## RECORDS FOR THE TASK
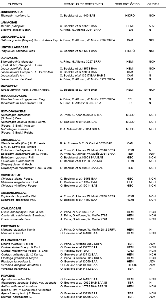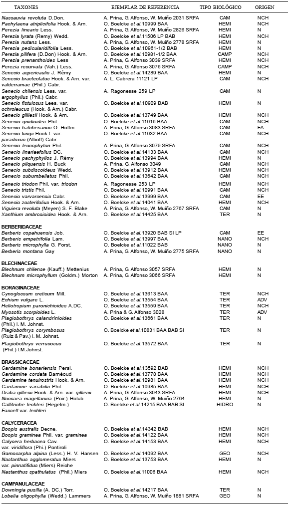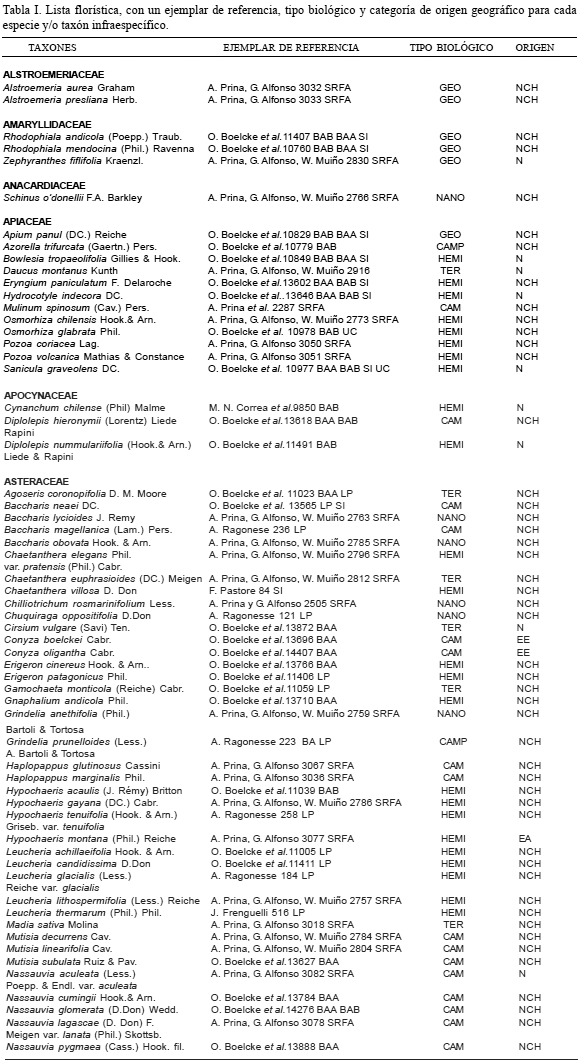 Los materiales utilizados en el presente estudio se obtuvieron a partir de colecciones propias llevadas a cabo entre las temporadas 2004-2006 que se encuentran depositadas en el herbario de la Facultad de Agronomía de la Universidad Nacional de La Pampa (SFRA), en algunos casos con duplicados en el Instituto de Botánica del Nordeste (CTES) y el Instituto de Botánica Darwinion (SI). Se consultaron además materiales de los herbarios de la Facultad de Agronomía de la Universidad de Buenos Aires (BAA), del Instituto Nacional de Tecnología Agropecuaria, Castelar, Buenos Aires, Argentina (BAB), especialmente las colecciones de O. Boelcke y colaboradores y del herbario del Museo de La Plata (LP). En algunos casos se apeló a citas bibliográficas, especialmente de Flora Patagónica (Correa 1969, 1971, 1978, 1984a, 1984b, 1988, 1998,1999) y diversos trabajos monográficos. Se procedió a la determinación y clasificación de los especímenes hallados y se efectuaron las actualizaciones nomenclaturales correspondientes de acuerdo a Zuloaga et al. (2008). Se clasificaron los taxones por su origen y por su tipo biológico según Raunkiaer (1934).
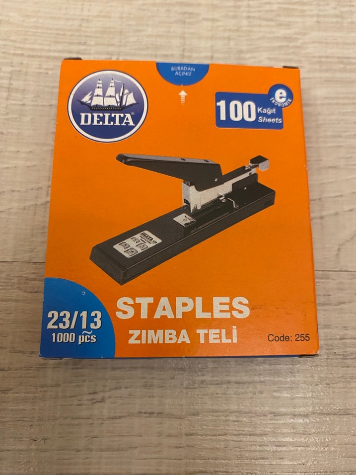 Delta markalı siyah 23/13 boyutunda, 100 sayfaya kadar zımba teli. 1000 adet, kod 255. Dayanıklı ve güvenilir masaüstü aksesuarı.
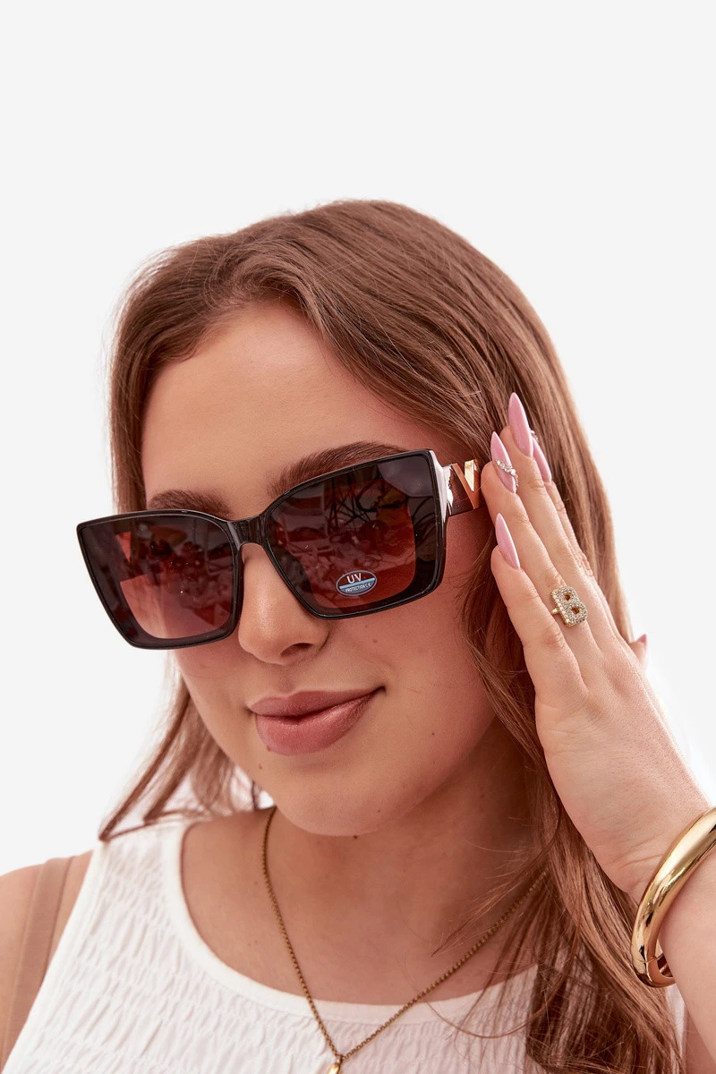 Dámské sluneční brýle typu kočičí oko jsou stylovým doplňkem, který zdůrazňuje ženský charakter každého outfitu. Vyrobené s UV filtrem, účinně chrání oči před škodlivým slunečním zářením. Model se vyznačuje zlatým detailem ve tvaru písmena „V“ umístěným na stranách, který dodává celku šmrnc a moderní akcent. Ideální volba pro ženy, které ocení módní vzhled spojený s funkčností.
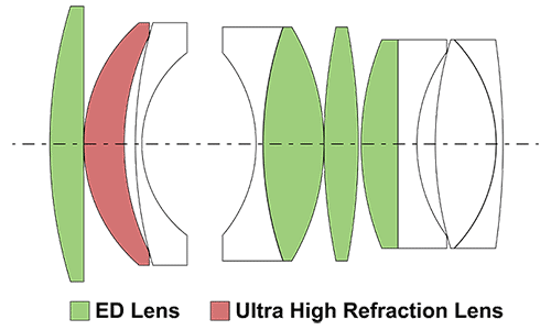 来看下中一光学FE 50mm F0.95镜头的规格参数。该镜头从体积上看起来不大但实际拿到手里第一反应就是“超重”。这样一枚全金属材质(据说全钢,并采用金属旋开式镜头盖)的镜头重量达到720g之巨,以至于与仅416g的索尼A7机身形成了鲜明的对比。本镜头采用10片7组结构,可以通过官方图片看到其中有4片ED和1片超高折射镜片。
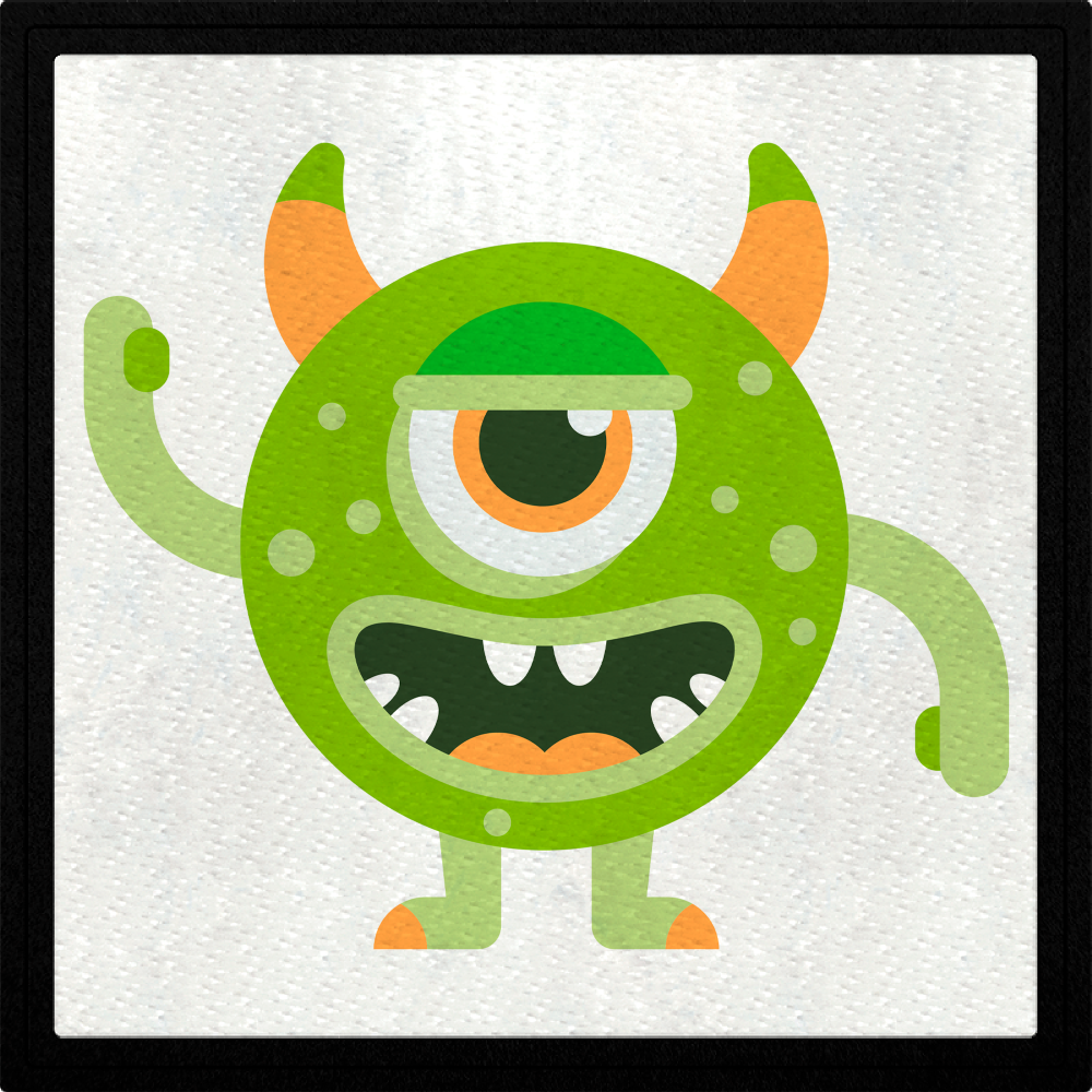 Parche stick DTF Eco flock negro con diseño de monstruo verde con 1 ojo.

## YOUR GOAL
The records, exactly as written but without images, should be returned.

## TASK RESULT
 Los materiales utilizados en el presente estudio se obtuvieron a partir de colecciones propias llevadas a cabo entre las temporadas 2004-2006 que se encuentran depositadas en el herbario de la Facultad de Agronomía de la Universidad Nacional de La Pampa (SFRA), en algunos casos con duplicados en el Instituto de Botánica del Nordeste (CTES) y el Instituto de Botánica Darwinion (SI). Se consultaron además materiales de los herbarios de la Facultad de Agronomía de la Universidad de Buenos Aires (BAA), del Instituto Nacional de Tecnología Agropecuaria, Castelar, Buenos Aires, Argentina (BAB), especialmente las colecciones de O. Boelcke y colaboradores y del herbario del Museo de La Plata (LP). En algunos casos se apeló a citas bibliográficas, especialmente de Flora Patagónica (Correa 1969, 1971, 1978, 1984a, 1984b, 1988, 1998,1999) y diversos trabajos monográficos. Se procedió a la determinación y clasificación de los especímenes hallados y se efectuaron las actualizaciones nomenclaturales correspondientes de acuerdo a Zuloaga et al. (2008). Se clasificaron los taxones por su origen y por su tipo biológico según Raunkiaer (1934).
 Delta markalı siyah 23/13 boyutunda, 100 sayfaya kadar zımba teli. 1000 adet, kod 255. Dayanıklı ve güvenilir masaüstü aksesuarı.
 Dámské sluneční brýle typu kočičí oko jsou stylovým doplňkem, který zdůrazňuje ženský charakter každého outfitu. Vyrobené s UV filtrem, účinně chrání oči před škodlivým slunečním zářením. Model se vyznačuje zlatým detailem ve tvaru písmena „V“ umístěným na stranách, který dodává celku šmrnc a moderní akcent. Ideální volba pro ženy, které ocení módní vzhled spojený s funkčností.
 来看下中一光学FE 50mm F0.95镜头的规格参数。该镜头从体积上看起来不大但实际拿到手里第一反应就是“超重”。这样一枚全金属材质(据说全钢,并采用金属旋开式镜头盖)的镜头重量达到720g之巨,以至于与仅416g的索尼A7机身形成了鲜明的对比。本镜头采用10片7组结构,可以通过官方图片看到其中有4片ED和1片超高折射镜片。
 Parche stick DTF Eco flock negro con diseño de monstruo verde con 1 ojo.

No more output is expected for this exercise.